§ Records for the exercise:
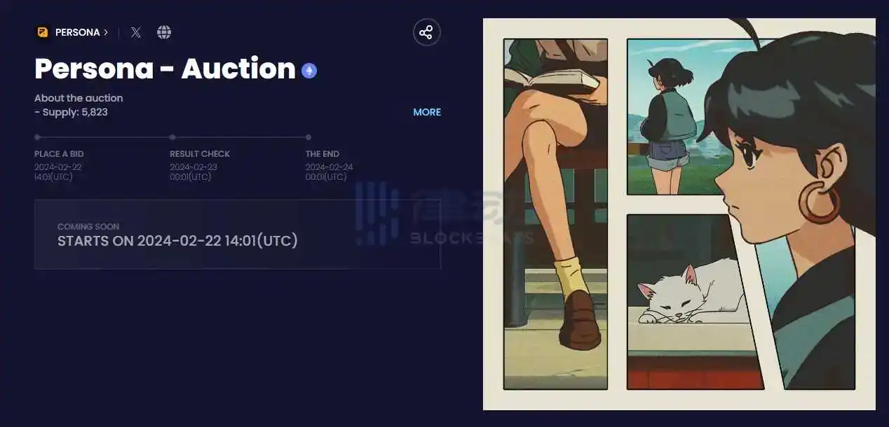 4. Persona 将于今晚 22:01 开启公售,竞拍区间为 0.069 至 0.29 ETH;
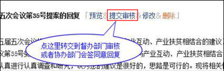 如果是多部门联合办理,点击提交审核就会失败并弹出提示,回复落款处显示协办未会签图章,通知协办部门上网查看回复并点击会签。协办部门可以对回复内容进行修改。
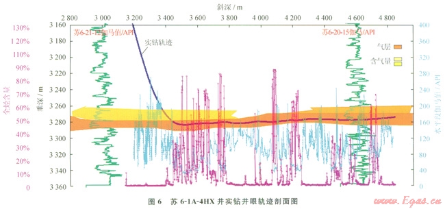 蘇里格氣田儲層含氣砂體薄,傾角變化大,LWD測點監(jiān)測儲層信息滯后于鉆頭位置,實鉆過程中井眼軌跡調整頻繁,砂體有效鉆遇率低。為提高氣層有效鉆遇率,提高鉆井速度,針對軌跡控制難題,通過鉆具力學分析與儲集砂體走向評價,改變了以往的鉆具組合,實施近鉆頭測量[14],形成了精確監(jiān)控、緩慢糾偏、斜有余地、穩(wěn)斜探頂”的軌跡控制技術。該項技術能夠及時掌握實鉆軌跡,并根據(jù)地質提示提前做出調整,避免軌跡大幅度變化,降低了軌跡控制難度,提高了砂體有效鉆遇率,縮短了鉆井周期。2010年該技術在蘇61A-4HX井應用,實現(xiàn)了砂層鉆遇率85.6%,氣層(含氣層)鉆遇率67.6%的突破(6)。2011年該技術在蘇里格氣田實現(xiàn)規(guī)模應用,先后鉆井l63口,平均砂巖鉆遇率81.4%,氣層(含氣層)鉆遇率65.5%。
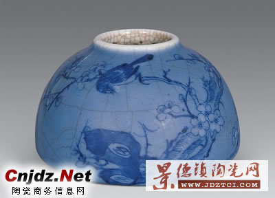 清乾隆 藍釉青花喜上梅梢馬蹄水盂 直徑11cm
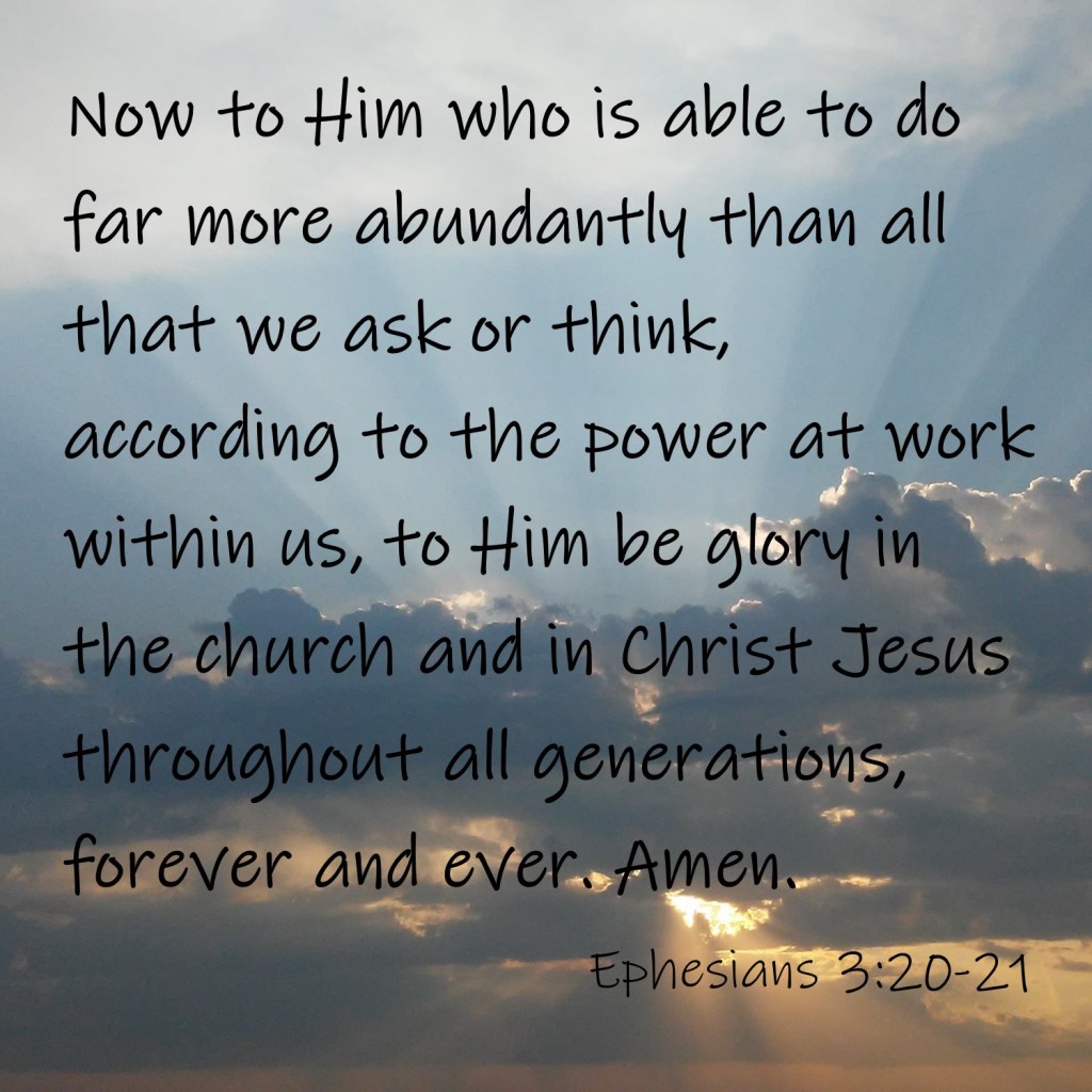 While it seems easier to ask for things in our prayers, we need to remember to praise and thank God for what He does. God allows us to see some of His work, but I am convinced that He doesn’t share everything He does. None of us could handle all the work Almighty God performs – even in our own lives.

§ Work to complete: Pictures are to be omitted. Print exactly the lines from the line containing "如果是多部门联合办理,点击提" through the final line of the material above, both included.

§ Result for this task:
 如果是多部门联合办理,点击提交审核就会失败并弹出提示,回复落款处显示协办未会签图章,通知协办部门上网查看回复并点击会签。协办部门可以对回复内容进行修改。
 蘇里格氣田儲層含氣砂體薄,傾角變化大,LWD測點監(jiān)測儲層信息滯后于鉆頭位置,實鉆過程中井眼軌跡調整頻繁,砂體有效鉆遇率低。為提高氣層有效鉆遇率,提高鉆井速度,針對軌跡控制難題,通過鉆具力學分析與儲集砂體走向評價,改變了以往的鉆具組合,實施近鉆頭測量[14],形成了精確監(jiān)控、緩慢糾偏、斜有余地、穩(wěn)斜探頂”的軌跡控制技術。該項技術能夠及時掌握實鉆軌跡,并根據(jù)地質提示提前做出調整,避免軌跡大幅度變化,降低了軌跡控制難度,提高了砂體有效鉆遇率,縮短了鉆井周期。2010年該技術在蘇61A-4HX井應用,實現(xiàn)了砂層鉆遇率85.6%,氣層(含氣層)鉆遇率67.6%的突破(6)。2011年該技術在蘇里格氣田實現(xiàn)規(guī)模應用,先后鉆井l63口,平均砂巖鉆遇率81.4%,氣層(含氣層)鉆遇率65.5%。
 清乾隆 藍釉青花喜上梅梢馬蹄水盂 直徑11cm
 While it seems easier to ask for things in our prayers, we need to remember to praise and thank God for what He does. God allows us to see some of His work, but I am convinced that He doesn’t share everything He does. None of us could handle all the work Almighty God performs – even in our own lives.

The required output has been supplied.